Mercredi, Republic en a surpris beaucoup en annonçant un accord avec Bombardier pour modifier sa commande de CS300. Le document détaillant les changements a été rendu public, mais il est si lourdement caviardé qu'on en apprend bien peu sur les nouvelles clauses du contrat. On sait que la livraison des 40 appareils et le versement des acomptes sont retardés, mais les nouvelles dates sont gardées secrètes. De plus, on ignore si les prix de vente ont été révisés, que ce soit à la baisse ou à la hausse. Un tribunal de New York doit entériner l'entente le 17 novembre.

INTERROGATIONS

Mais pourquoi Republic tient-elle à maintenir en vie une commande aussi hypothétique ? L'accord prévoit que Bombardier laissera tomber des réclamations totalisant 74,6 millions US, soit 70 millions US en acomptes que Republic a omis de verser à l'avionneur pour sa commande et le reste pour des pièces d'appareils Q400. Bombardier recevra à peine 2,2 millions US, dont 1,5 million sous la forme d'une créance non garantie dont le montant ne peut pas être réduit.

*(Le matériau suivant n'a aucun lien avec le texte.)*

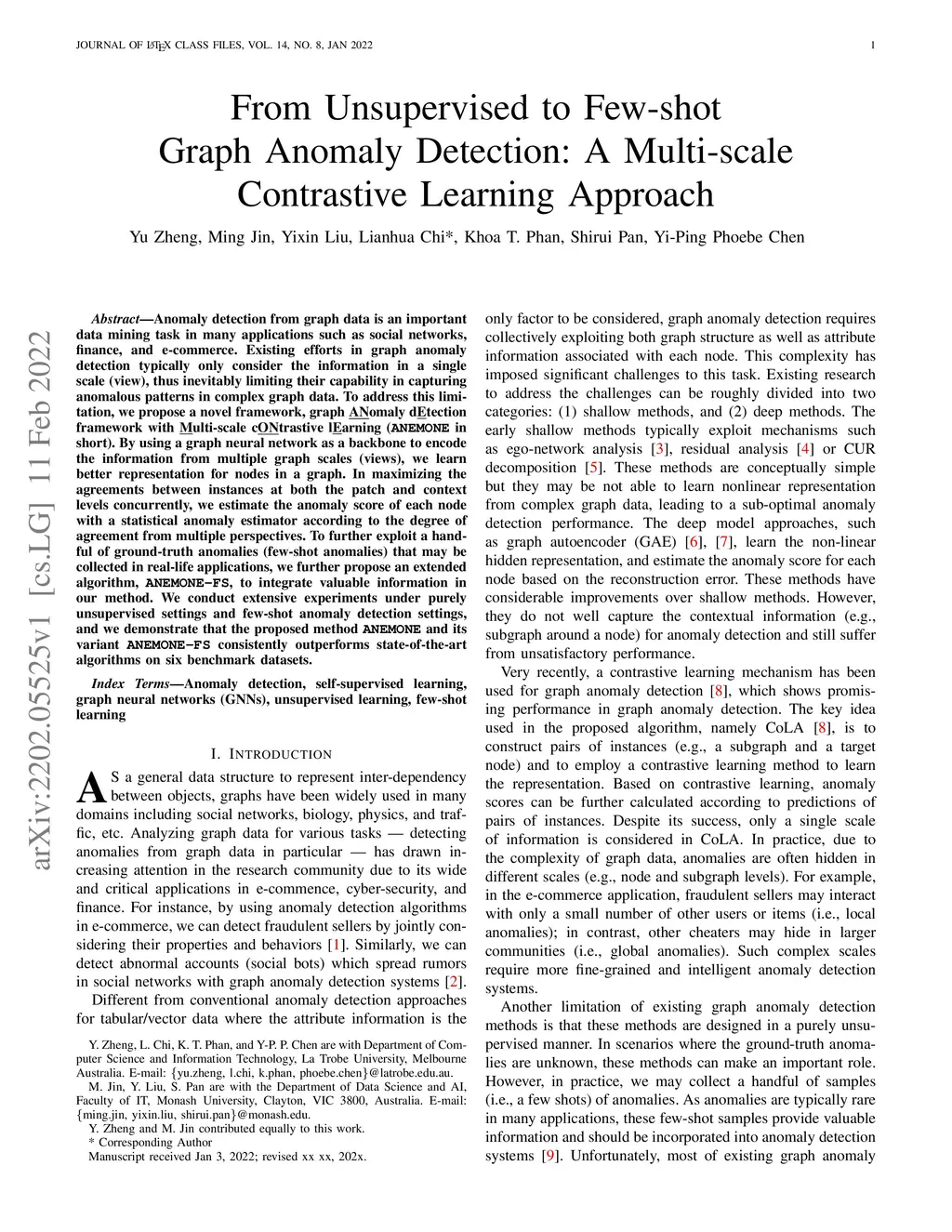 Anomaly detection from graph data is an important data mining task in many applications such as social networks, finance, and e-commerce. Existing efforts in graph anomaly detection typically only consider the information in a single scale (view), thus inevitably limiting their capability in capturing anomalous patterns in complex graph data. To address this limitation, we propose a novel framework, graph ANomaly dEtection framework with Multi-scale cONtrastive lEarning (ANEMONE in short). By using a graph neural network as a backbone to encode the information from multiple graph scales (views), we learn better representation for nodes in a graph. In maximizing the agreements between instances at both the patch and context levels concurrently, we estimate the anomaly score of each node with a statistical anomaly estimator according to the degree of agreement from multiple perspectives. To further exploit a handful of ground-truth anomalies (few-shot anomalies) that may be collected in real-life applications, we further propose an extended algorithm, ANEMONE-FS, to integrate valuable information in our method. We conduct extensive experiments under purely unsupervised settings and few-shot anomaly detection settings, and we demonstrate that the proposed method ANEMONE and its variant ANEMONE-FS consistently outperform state-of-the-art algorithms on six benchmark datasets.

L'entente constitue un « bond en avant substantiel dans la relation entre Republic et Bombardier et serait grandement bénéfique aux créanciers », soutient Republic.

CONJECTURES

Sur les forums en ligne spécialisés en aviation, on se perd en conjectures pour expliquer les motivations de Republic. Le consultant Scott Hamilton, de la firme Leeham de Seattle, avance que le transporteur a trouvé une façon de garder à bon prix un « actif » qu'il pourrait céder à profit dans quelques années. L'accord interdit à Republic de revendre la commande à un tiers, mais rien ne l'empêcherait, semble-t-il, de la monnayer auprès de Bombardier le jour où des acheteurs pressés se bousculeraient au portillon.

STRATÉGIE

Pour Bombardier, l'intérêt de se montrer conciliant avec Republic n'est pas évident, à moins de considérer l'avenir à plus long terme. « Bombardier détesterait grandement qu'après sa restructuration, Republic commande 80 avions à Embraer », note l'avocat Donald Gray du cabinet Blakes à Toronto. Et si la commande de CS300 devait se concrétiser, Bombardier toucherait les 70 millions US que Republic lui doit. De son côté, l'analyste en aviation Richard Aboulafia du Teal Group, établi en Virginie, croit que Bombardier a simplement voulu éviter de dégarnir son carnet de commandes, qui demeure relativement modeste malgré les contrats récents d'Air Canada et de Delta.

COMMANDES

La famille d'avions C Series de Bombardier compte actuellement des commandes pour 358 appareils. Trois d'entre eux ont été livrés à Swiss jusqu'ici.